The governmental interest analysis was clearly explained in Veazey v. Doremus, 103 N.J. 244, 248, 510 A.2d 1187 (1986). The determinative law is that of the state with the greatest interest in governing the particular issue. A court first decides if there is a conflict between the law of the interested states on the issue. If there is, the next step is to identify the governmental policies underlying the law of each state, and how those policies are affected by each state's contacts to the litigation and to the parties. If a state's contacts are not related to the policies underlying its law, the state has no interest in having its law apply. See D'Agostino v. Johnson & Johnson, Inc., 255 N.J. Super. 307, 315-17, 605 A.2d 252 (App.Div. 1992).
In Veazey, Florida's doctrine of interspousal tort immunity was held to apply in an interspousal New Jersey damage action between a Florida couple arising out of a New Jersey auto accident.

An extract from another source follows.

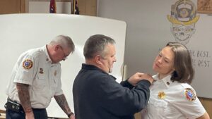 Her husband, who is currently a Battalion Chief and training officer for the Ladyโs Island/St. Helena Fire District, had the honor of pinning on her new badge.

Florida's interest in regulating the marital relationships of its residents by maintaining interspousal immunity was *549 found to predominate over New Jersey's interest in deterring unsafe conduct on its highways. New Jersey's interest had to give way because there was no relationship found between interspousal immunity and driver safety.
Here, as in Veazey, there is a genuine conflict of laws. Virginia retains the common-law rule of contributory negligence. Litchford v. Hancock, 232 Va. 496, 499, 352 S.E.2d 335, 337 (1987). New Jersey has abandoned that doctrine, and has enacted a comparative negligence statute which does not so greatly penalize an injured person who shares responsibility for the injury. N.J.S.A. 2A:15-5.1 to 5.8; see Ostrowski v. Azzara, 111 N.J. 429, 436-37, 545 A.2d 148 (1988).

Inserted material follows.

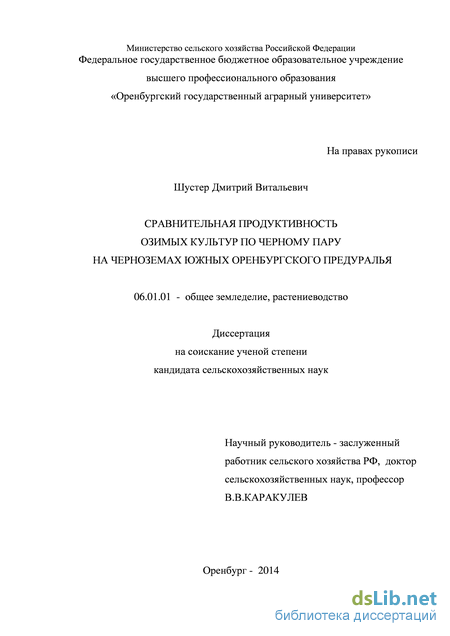 Поэтому поставленная в диссертации цель изучить широкий набор озимых культур в паровых звеньях севооборота является актуальной.

Virginia has a significant interest in deterring unsafe property conditions and unsafe conduct of people and enterprises located there. New Jersey has less deterrence interest in such conditions and conduct in Virginia, but it does have a legitimate interest in the fair compensation of injured New Jersey residents. See Mellk v. Sarahson, 49 N.J. 226, 229 A.2d 625 (1967); Pine v. Eli Lilly & Co., 201 N.J. Super. 186, 492 A.2d 1079 (App.Div. 1985). Its status as the forum state is irrelevant, as is Delaware's status as defendant's state of incorporation.
Virginia's legitimate interest in discouraging unsafe local property conditions and unsafe conduct is directly related to the substantive issue of comparative-vs.-contributory negligence on which the conflicts question focuses. New Jersey's concern for its injured citizens is also legitimate, but it cannot exempt them from other states' law setting standards for local conditions and conduct. If New Jersey's comparative negligence doctrine followed Mrs. O'Connor onto the Twizzle Flop in Virginia, it would follow her into every other state as well, and would supplant local liability rules wherever she went. That would be an impermissible intrusion into the affairs of other states.

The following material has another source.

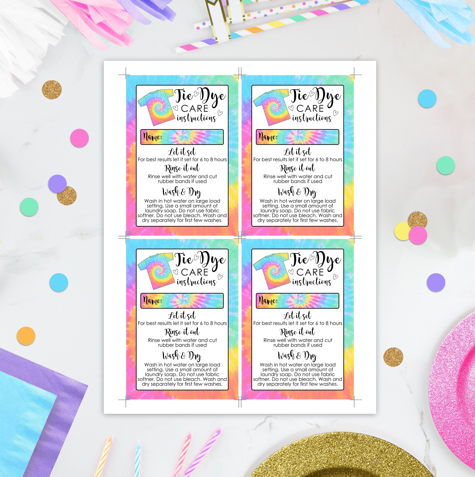 Tie dye is a fun and creative way to add some color to your wardrobe. Whether you’re a seasoned tie dye pro or just getting started, it’s important to know how to properly care for your tie dye creations to ensure they last as long as possible. To help you out, we’ve created a free template tie dye care instructions printable that you can use to keep track of the best practices for caring for your tie dye items.

It is irrelevant that, for its own affairs, New Jersey prefers the comparative negligence doctrine. The test we apply does *550 not permit us to weigh the relative desirability of competing substantive rules of law. That evaluation has already been made by the most interested state, and it is the forum state's duty to disregard its own substantive preference. See Shuder v. McDonald's Corp., 859 F.2d 266, 272 (3d Cir.1988). In this respect, we disagree with McDaniel v. Ritter, 556 So.2d 303, 316-17 (Miss. 1989).